In short: Wings of Danger (1952)

aka Dead on Course

Permanently scowling American Richard Van Ness (Zachary Scott) is working for a small British freight airline mostly operating between Guernsey and the UK main isle as a pilot, hiding away the fact he's having regular blackouts and will someday soon crash and take who knows how many other people with him. Ladies and gentleman, our hero!

The only other person who knows about Richard's little problem is his buddy - and brother of his girlfriend Avril (Naomi Chance) - the womanizing sleazebag (actually, the film pretends he's boyishly charming, but I just don't see that) Nick Talbot (Robert Beatty). Right in the first scene, oh so charming Nick uses this knowledge to blackmail Richard into letting him make a flight to Guernsey despite reports of really bad weather coming up.

Not surprisingly, Nick's plane doesn't survive the contact with said weather and ends up in the ocean, with Nick presumed dead.

Richard isn't completely sure about that, though. The pilot also has questions concerning the reason for Nick's actions. Did Nick risk and lose his life only to deliver some orchids to Alexia LaRoche (Kay Kendall), Guernsey's local femme fatale? Why is a weasely blackmailer now sneaking around Avril? And what does all this have to do with the smuggling and counterfeiting ring Richard's acquaintance Inspector Maxwell (Colin Tapley) is looking for? Richard won't be able to rest until these questions are answered.

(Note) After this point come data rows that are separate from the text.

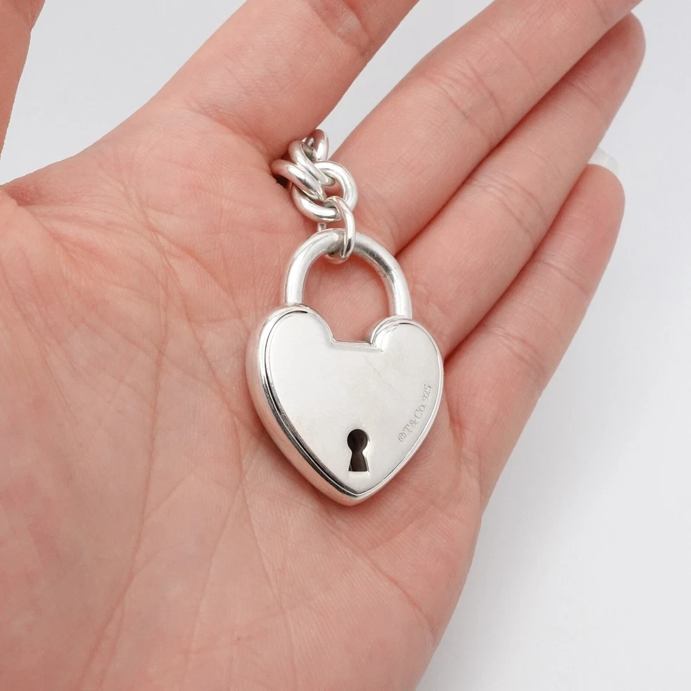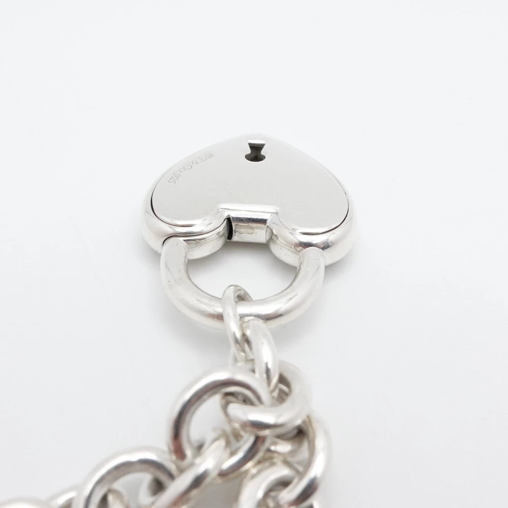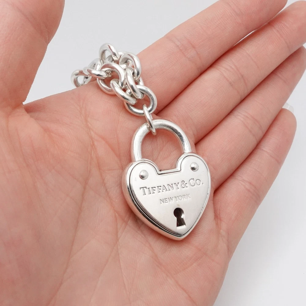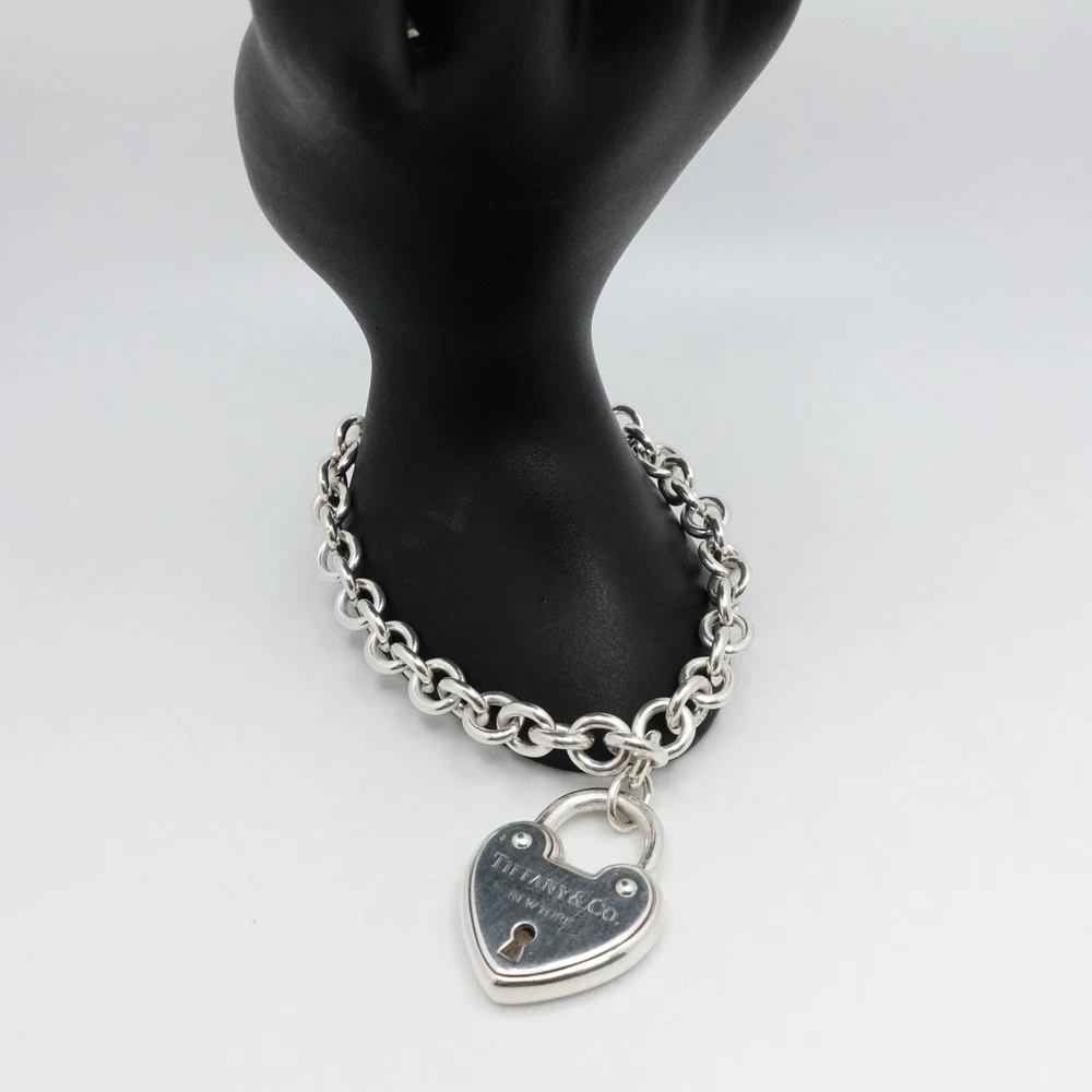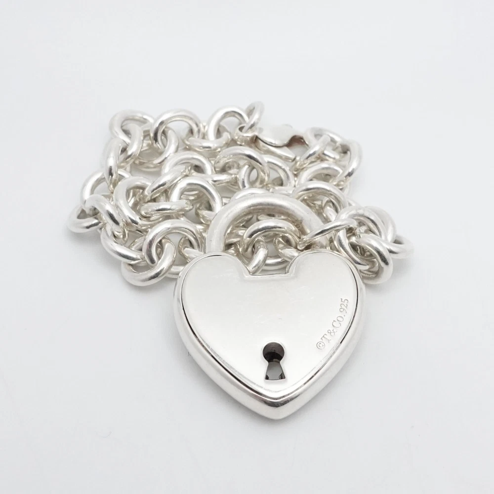 Welcome to my e B a y Store Tiffany & Co. Sterling Silver Large Heart Padlock Chain Bracelet Size - 9" Long Fits up to Relax 8" - 8.25" Snug Fit Chain Width - 8mm Charm Height - 1.33" Charm Width - 1" approx. Charm Depth - 5.5mm Thick Total Weight - 44.7 Grams Hallmark - T&Co. .925 **Padlock doe not open** Very Great & Professionally Polished Pouch Included Bid With Confidence Feel Free to ask any questions before bidding please If you would like additional pictures please send me a message Check out my other listings for more great deals! 100% Authentic or your Money Back Guarantee!! Free Shipping on All Items!
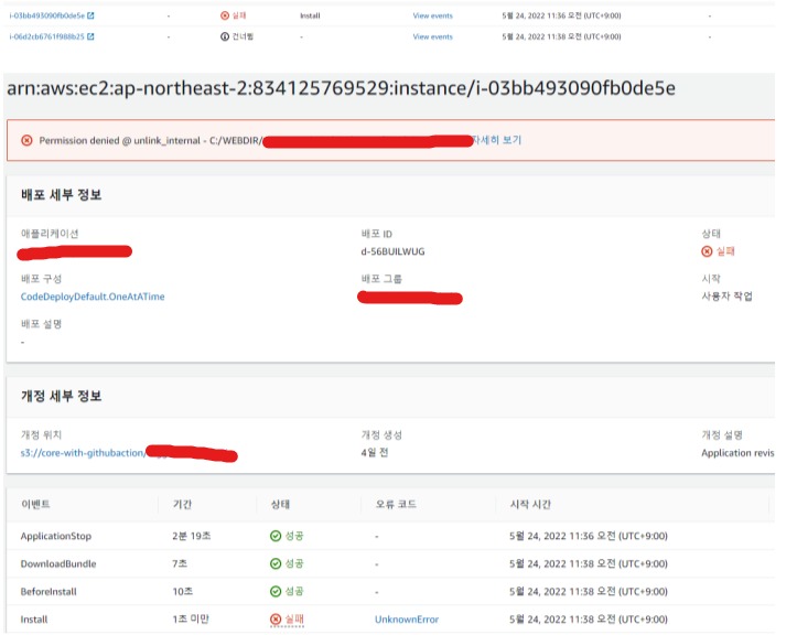 위는 기존 IIS 사이트 중지, 점유 프로세스 종료 대신 140초 정도의 딜레이를 준 뒤, 배포가 되게 했을 때의 codedeploy 인스턴스 화면입니다. 프로세스가 종료되지않아 test.dll이 프로세스에서 점유하고있어, 덮어쓰기가 거부된 에러 메세지를 확인할 수 있습니다.
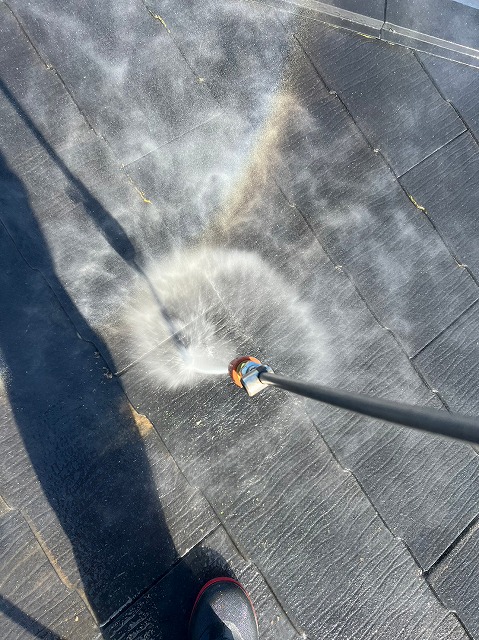 洗浄後、屋根スレートに割れやヒビがないか確認します!!

Wings of Danger belongs among the number of noir films the UK's Hammer Studios produced before they came upon their Gothic horror gold mine. The film was - like quite a few movies Hammer made at this time - produced in cooperation with US cheap-skate movie mogul Robert Lippert, who provided Hammer with money and the American lead actor supposedly helpful in selling films in the US. What audience, after all, could resist the star power of Zachary Scott?

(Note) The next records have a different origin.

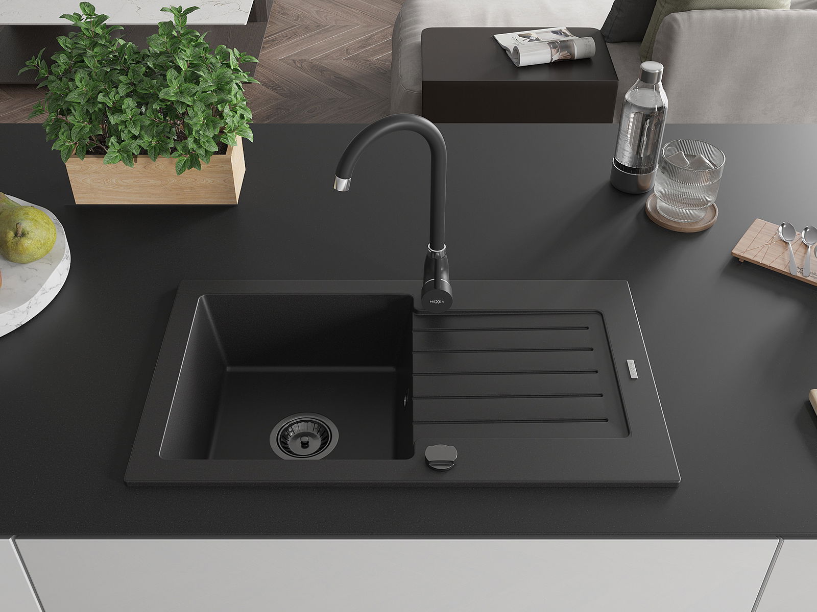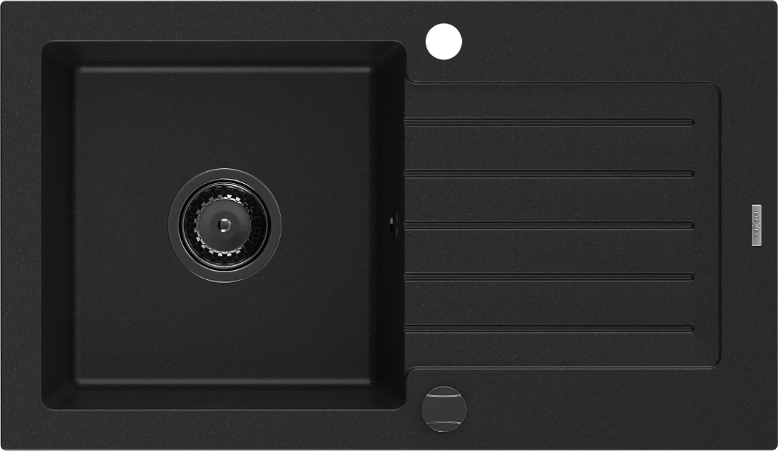 Mexen Pablo jednorázový granitový dřez s odkapávačem 752 x 436 mm, černý, černý sifon - 6510751010-77-B
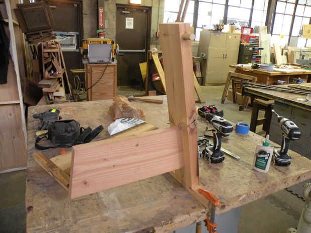 Abrazadera una pierna a una tabla por lo que está de pie. Unte pegamento en el travesaño, manténgalo en sus marcas con una mano y atorníllelo en su lugar con la otra mano. Repita para el otro lado. Asegúrese de que el travesaño no consigue torcido, ya hará que la roca de la cosa en sus pies.
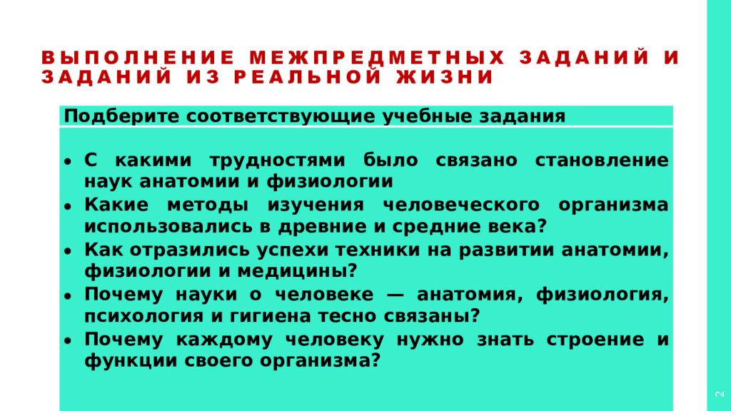 2 Подберите соответствующие учебные задания С какими трудностями было связано становление наук анатомии и физиологии Какие методы изучения человеческого организма использовались в древние и средние века? Как отразились успехи техники на развитии анатомии, физиологии и медицины? Почему науки о человеке — анатомия, физиология, психология и гигиена тесно связаны? Почему каждому человеку нужно знать строение и функции своего организма?

Not that Scott is doing a bad job here - he's quite good at playing the rude noir hero with the unpleasant voice (the Internet says "gravelly", I say "sounding as if he were permanently berating the people he's talking to"), and does even work the suicidal melancholia the script by John Gilling only hints at yet never develops deeply enough to be really convincing into his performance a little.

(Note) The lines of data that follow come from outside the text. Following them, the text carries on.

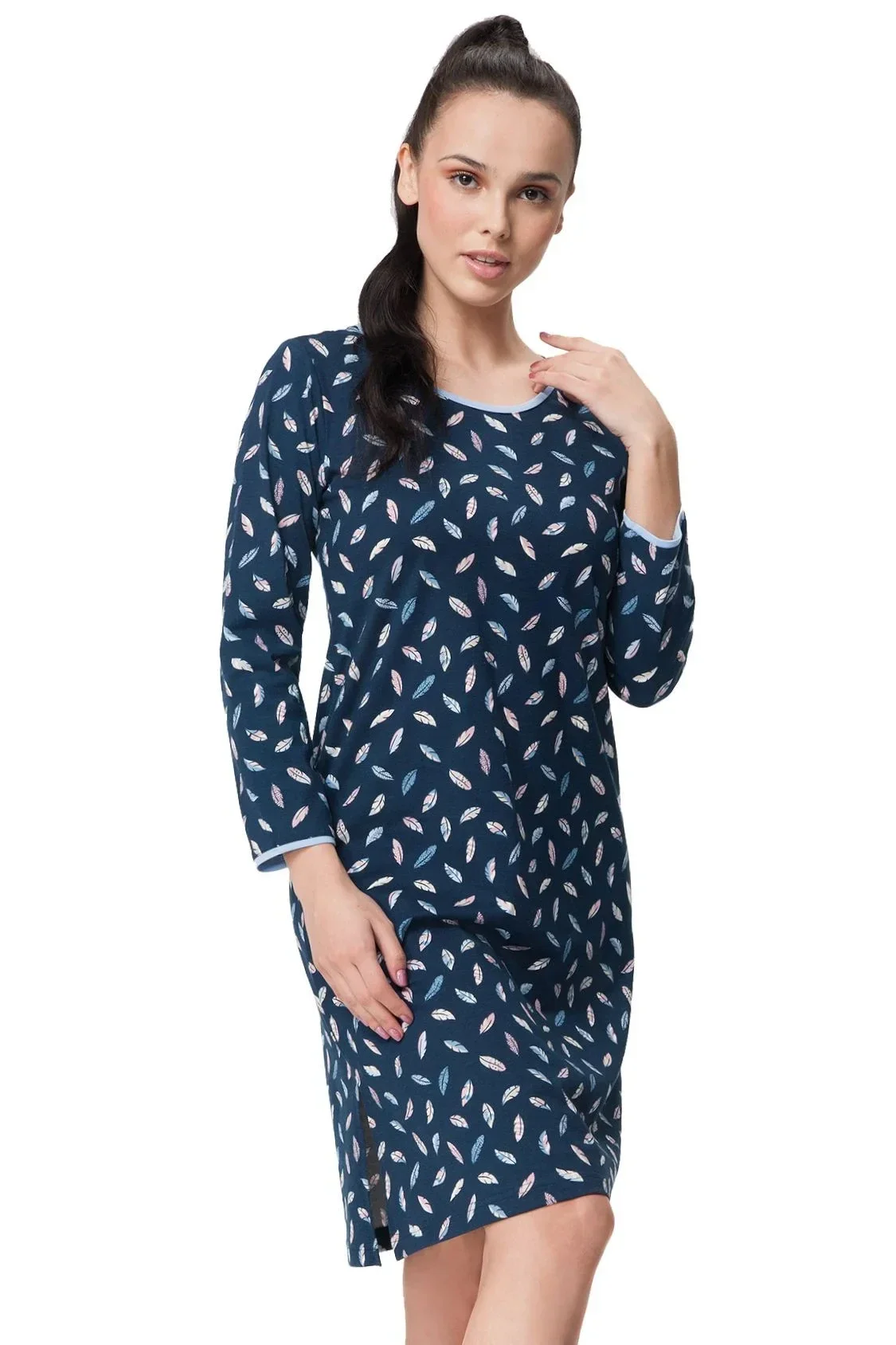 Dámská noční košile 39 Luna - vyrobena z kvalitní bavlny příjemné na dotek - modrá barva se vzorem peří - kulatý výstřih - krátké rukávy - délka nad kolenaMateriálové složení: 100% bavlna
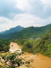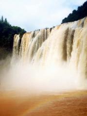 七月正值罗平汛期,号称中国最美六大瀑布之一的罗平九龙瀑布群也是非常很壮观,九龙河的河里翻着泥沙,水呈北方土黄色,类似黄河水,略有差别就是黄中泛红。因前夜下雨,云厚,缺蓝,略晴朗。汛期水急,特色的竹排游览取消了,观瀑索道也因游客稀少停运了
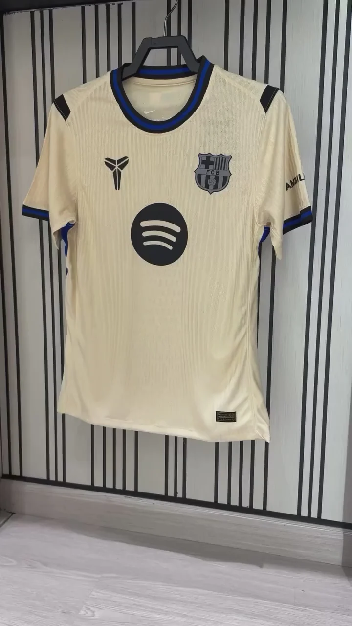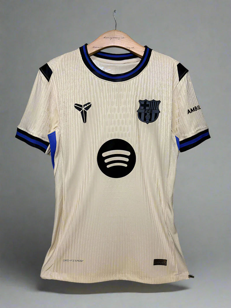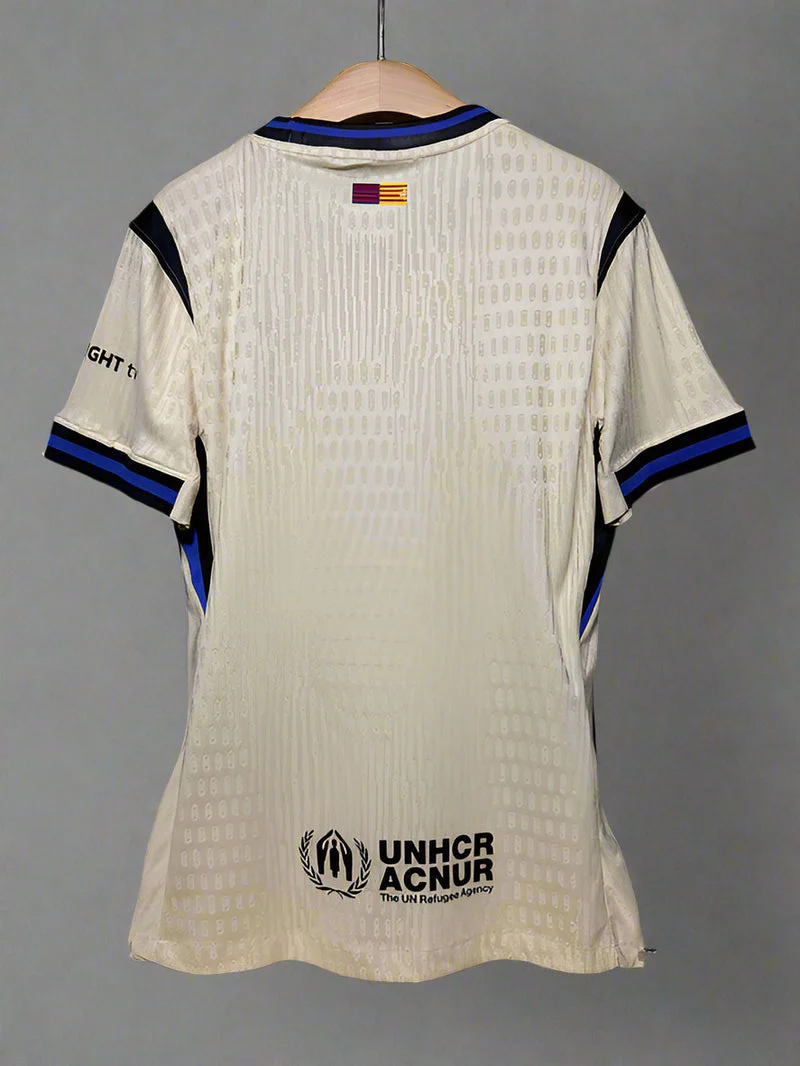 Step into the new season with the FC Barcelona 2025–26 Away Jersey (Player Version) — a perfect blend of authenticity, comfort, and performance. Designed with a slim, athletic fit, this player edition jersey mirrors what the professionals wear on the pitch. The lightweight, breathable fabric ensures moisture control, keeping you cool and comfortable whether you’re playing, training, or cheering from the stands. The elegant cream base with black and blue accents makes this away kit stand out, while premium printing highlights the iconic Barça crest, sponsor logos, and sleeve details.

In fact, nobody concerned with Wings of Danger's production did a bad job at anything, everything's solid, professional, and well done. Unfortunately, everything is only solid, professional and well done, from Terence Fisher's - who could do so much more when he wanted - direction to the solidly paced script that always stops short of doing something exciting or surprising, leading to a film that is much blander than the sum of its parts should be, and that is disappointingly lacking in the feelings of desperation and nihilism, the free-floating weirdness as well as the heated emotions which make the difference between a mediocre noir and a good or a great one. Emotionally, Wings isn't dishonest, but too polite about everything to excite me.